INFORMATION SUPPLIED:
○ ○ ○ ○

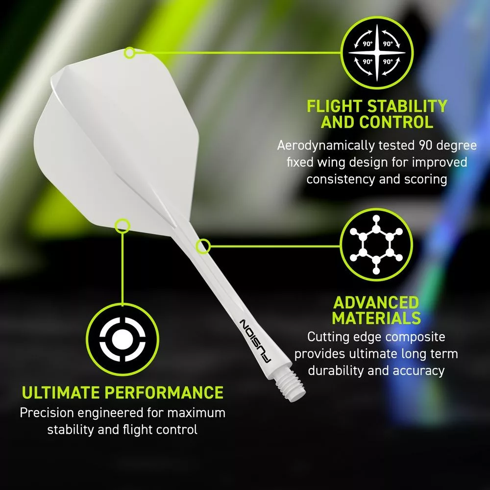Winmau Fusion No6 ponúka špičkový výkon vďaka plne integrovanému systému letky a násadky v jednom kuse. Precízny 90° profil krídel a inovatívny polymérový materiál zaručujú mimoriadnu stabilitu letu, výbornú presnosť a extra dlhú životnosť. Stredná násadka (28 mm bez závitu) poskytuje ideálnu rovnováhu medzi kontrolou a stabilitou, pričom priehľadná biela farba je univerzálna, moderná a ľahko viditeľná. Systém all-in-one zaručuje, že počas hry už nikdy nebudete riešiť povolenie alebo vypadnutie letky.
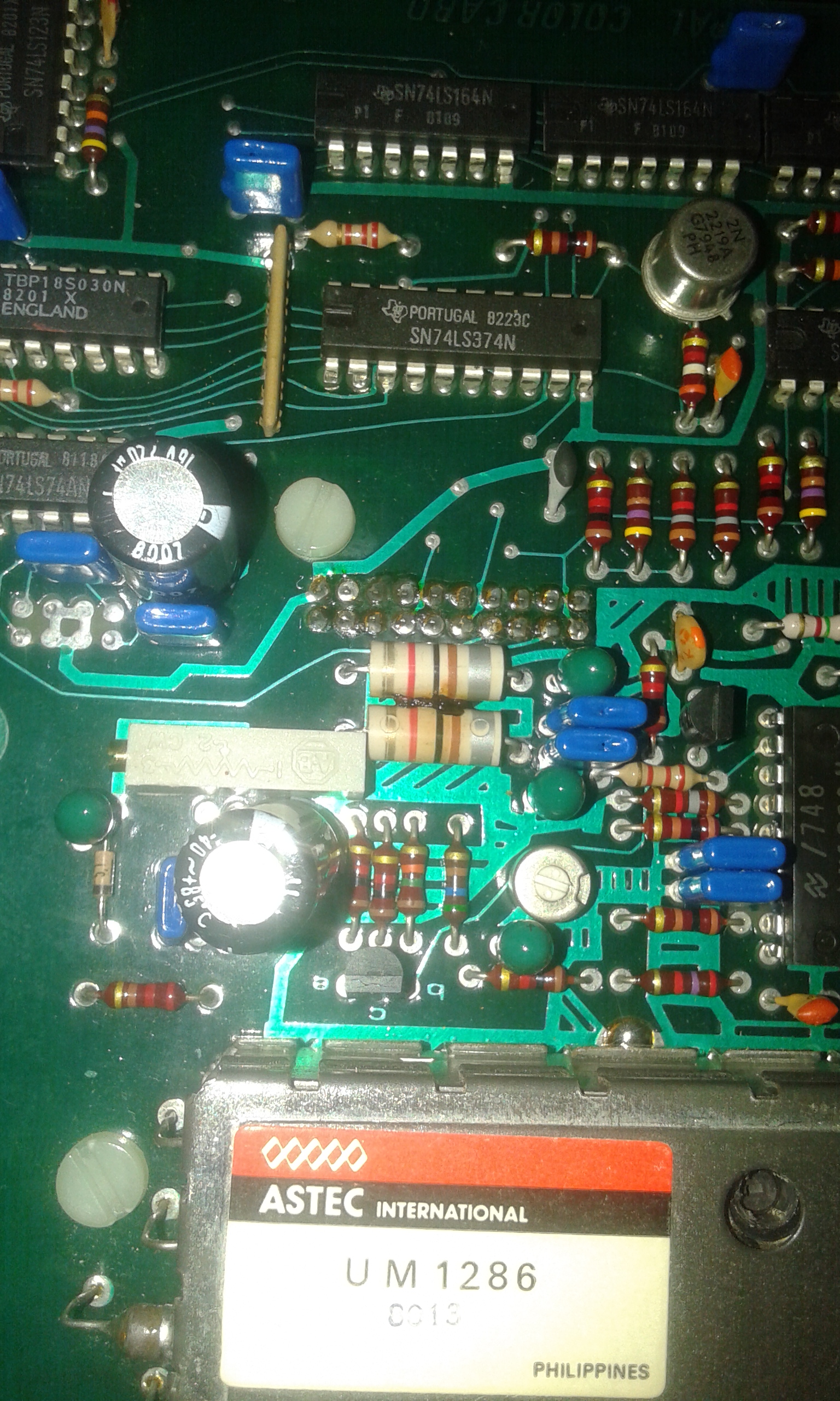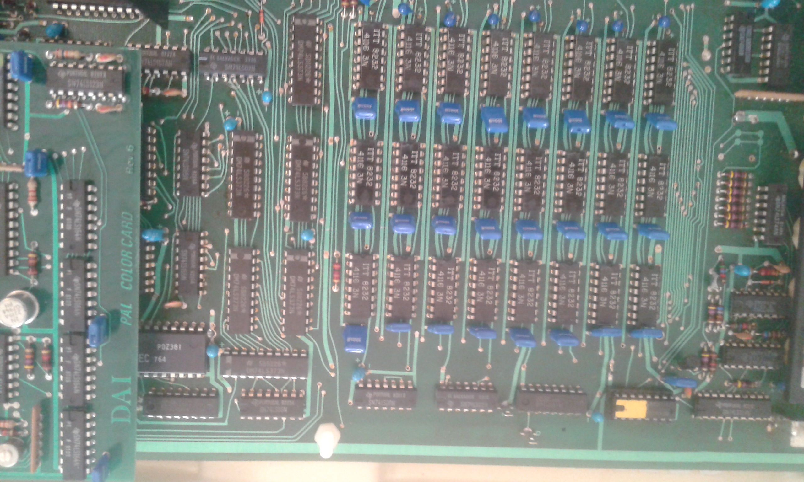 Pour ce qui est de la carte vidéo, c'est une PAL COLORCARD rev 6. Dans le DAI que j'avais acheté en 1980, la carte vidéo avait deux sorties: VHF et RGB. Celle-ci n'a que la VHF canal 04. Le modulateur est un ASTEC UM1286.
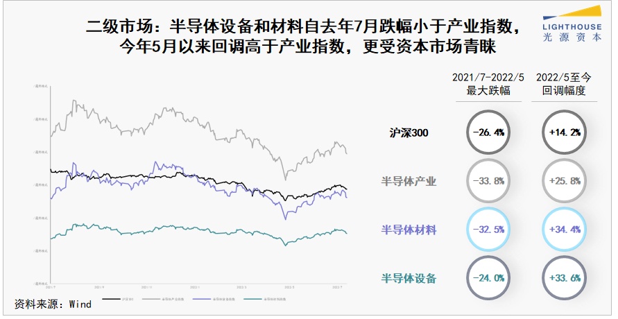 在二级市场,从 A 股2022年5月以来的回调幅度看,半导体材料和设备行业的涨幅分别达到34.4%和33.6%,为沪深300指数涨幅的二倍以上,也高于同期半导体产业指数涨幅,可见二级市场资金更偏好这两个细分领域的上市公司。
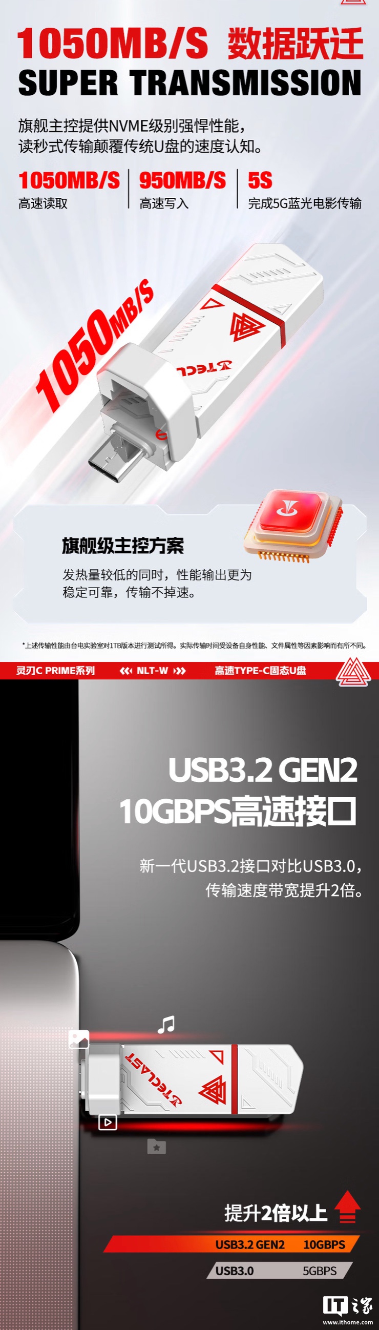 这款 U 盘采用白色外壳,点缀有红色电竞风格装饰,其采用 USB 3.2 Gen 2 规格,配 USB-C / A 双接口,读速至高 1050MB/s,写速至高 950MB/s。
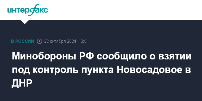 Москва. 22 октября. INTERFAX.RU - Войска группировки "Запад" взяли под контроль населённый пункт Новосадовое в Донецкой народной республике, сообщает министерство обороны РФ.
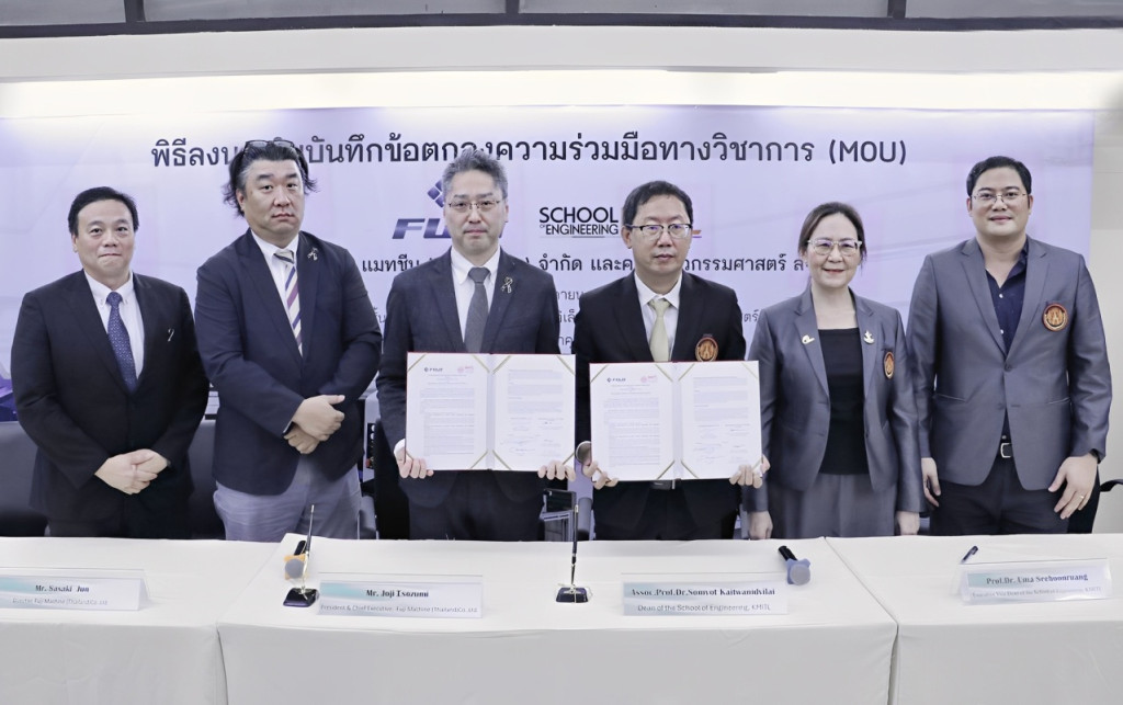 The signing ceremony was attended by Mr. Joji Isozumi, President & CEO of Fuji Corporation; Mr. Jun Sasaki, Managing Director of Fuji Machine Asia (FMA); and Mr. C.K. Sun, General Manager of Fuji Machine (Thailand) Co., Ltd. (FMT). Representing KMITL were Assoc. Prof. Dr. Somyot Kiattivanishvily, Dean of the Faculty of Engineering; Prof. Dr. Uma Siboonruang; and Asst. Prof. Kiakkrai Suksud. Witnessing the ceremony were section managers from Fuji Machine Thailand, along with KMITL faculty, lecturers, staff, and students.

○ ○ ○ ○

Retype exactly the lines from the one containing "Москва. 22 октября." through the last line of the records above, both included, and leave out any pictures.

WRITTEN ANSWER:
 Москва. 22 октября. INTERFAX.RU - Войска группировки "Запад" взяли под контроль населённый пункт Новосадовое в Донецкой народной республике, сообщает министерство обороны РФ.
 The signing ceremony was attended by Mr. Joji Isozumi, President & CEO of Fuji Corporation; Mr. Jun Sasaki, Managing Director of Fuji Machine Asia (FMA); and Mr. C.K. Sun, General Manager of Fuji Machine (Thailand) Co., Ltd. (FMT). Representing KMITL were Assoc. Prof. Dr. Somyot Kiattivanishvily, Dean of the Faculty of Engineering; Prof. Dr. Uma Siboonruang; and Asst. Prof. Kiakkrai Suksud. Witnessing the ceremony were section managers from Fuji Machine Thailand, along with KMITL faculty, lecturers, staff, and students.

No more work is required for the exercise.